Während der Vernehmung der 42jährigen Hausfrau mußte der angeklagte Schlosser den Verhandlungsraum verlassen; es lag ein Attest vor, das der Zeugin bei der Konfrontation mit dem Mann einen Rückschritt bei der Behandlung Ihrer Herzkrankheit voraussagte. Doch dann kam die Aussage zügig und im Zusammenhang. "Am besagten 4. November hörte ich den Schuß im Garten. Kurze Zeit später rief jemand jämmerlich um Hilfe."
Gemeinsam mit der Nachbarin sei sie dann vor die Haustür getreten, nachdem sie vorher den Rettungswagen bestellt hatte. Auf der Brücke über die Grachten sei ihnen dann der Angeklagte entgegengekommen. "Aber so ein Gesicht habe ich noch nie gesehen", berichtete die Hausfrau. Sie beschreibt den mutmaßlichen Täter als "zitternd wie Espenlaub mit fürchterlich eingefallenem Gesicht".
"Er behauptete dann, selbst geschrien zu haben, erzählte, daß er sich in einer Kaninchenfalle verletzt habe". Als dann aber der bestellte Rettungswagen zur Sprache kam, sei der Mann "völlig verzweifelt und entsetzt auf die Knie gefallen". Zu diesem Zeitpunkt lag dem späteren Geständnis zufolge die Leiche bereits in der nur hundert Meter entfernten Fasanenvoliere.

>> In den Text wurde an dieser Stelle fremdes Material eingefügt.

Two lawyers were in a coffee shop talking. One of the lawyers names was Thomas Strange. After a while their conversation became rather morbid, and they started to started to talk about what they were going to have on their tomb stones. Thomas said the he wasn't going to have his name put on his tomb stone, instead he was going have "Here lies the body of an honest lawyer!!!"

"Es darf doch niemand wissen, daß ich auf das Tier geschossen habe, ich habe doch keinen Jagdschein", bat der 24jährige händeringend. Die Frauen bestellten den Wagen daraufhin wieder ab. "Tja, wenn wir auch nur im entferntesten gewußt hätten, was tatsächlich Sache war..."
Als weiterer Zeuge sagte gestern der 61jährige Schloßherr von Haus Alst aus. Er hatte den Angeklagten im September letzten Jahres als Jagdgehilfen eingestellt, "ohne Gehalt allerdings, das wirft eine Jagd nicht ab". Dennoch habe der Mann sich schnell heimisch gefühlt im ihm übertragenen Aufgabenbereich. Er versorgte die Fasanenzucht, stellte Fallen und fütterte die Enten.

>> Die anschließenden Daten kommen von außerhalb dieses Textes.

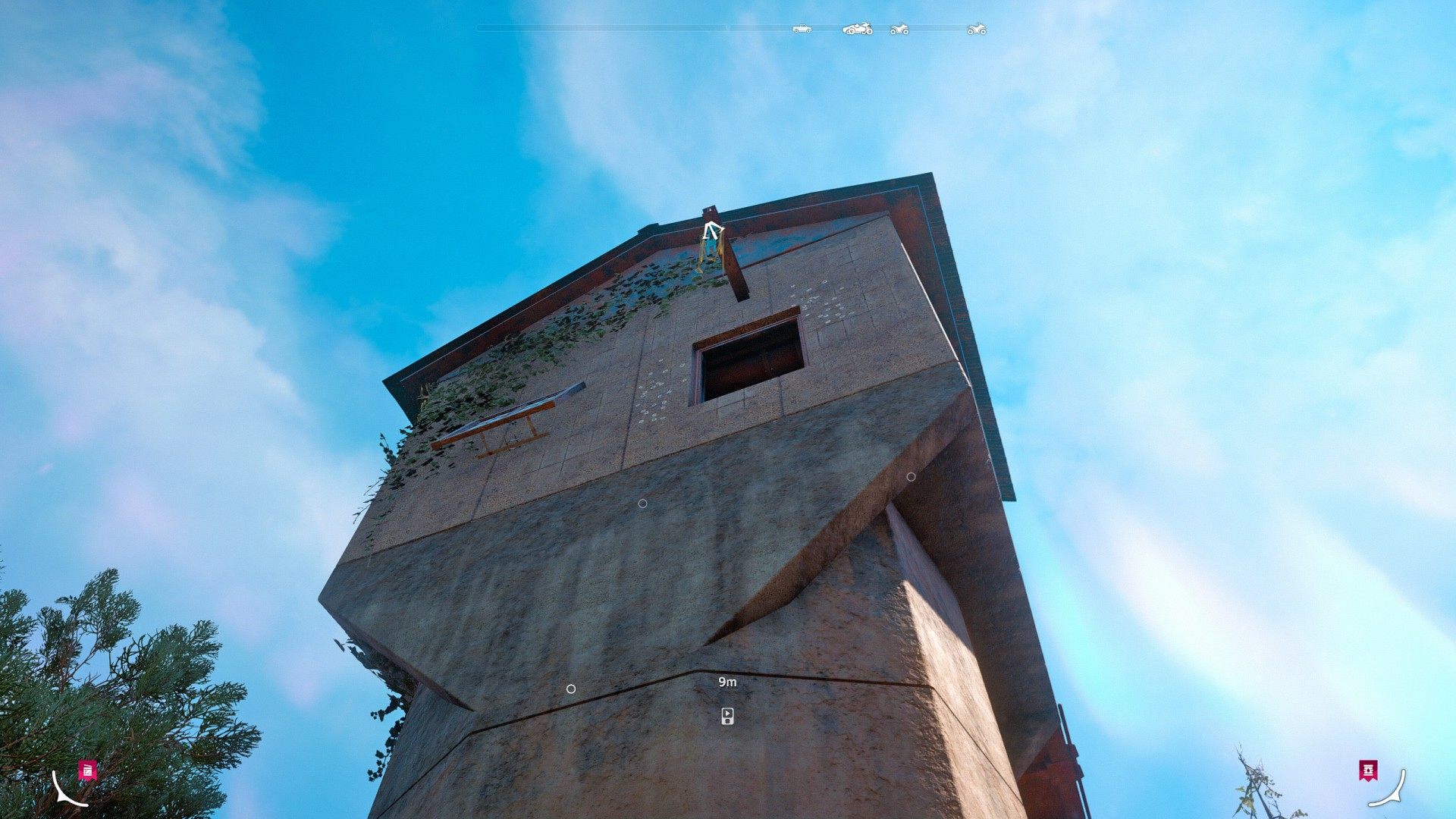 Approach the building from the lake side. To get to the window you have to use a grappler.

Das einzige, was den Grafen störte, war das "übersteigerte Geltungsbewußtsein" seines Angestellten. So fuhr dieser zum Beispiel mit einem überdimensionierten Schild "Jagdaufsicht" in der Heckscheibe seines silbergrauen Kadett durchs Revier, legte sich auch mal mit Nachbarn an.
Bei dem Begriff "Geltungsbewußtsein" blickt der Psychiater, der der gesamten Verhandlung beiwohnt, kurz auf - hat doch Staatsanwalt Rolf Juschka als Mordsmotiv nackte Habgier ausgemacht. Der Prozeß geht Montag weiter.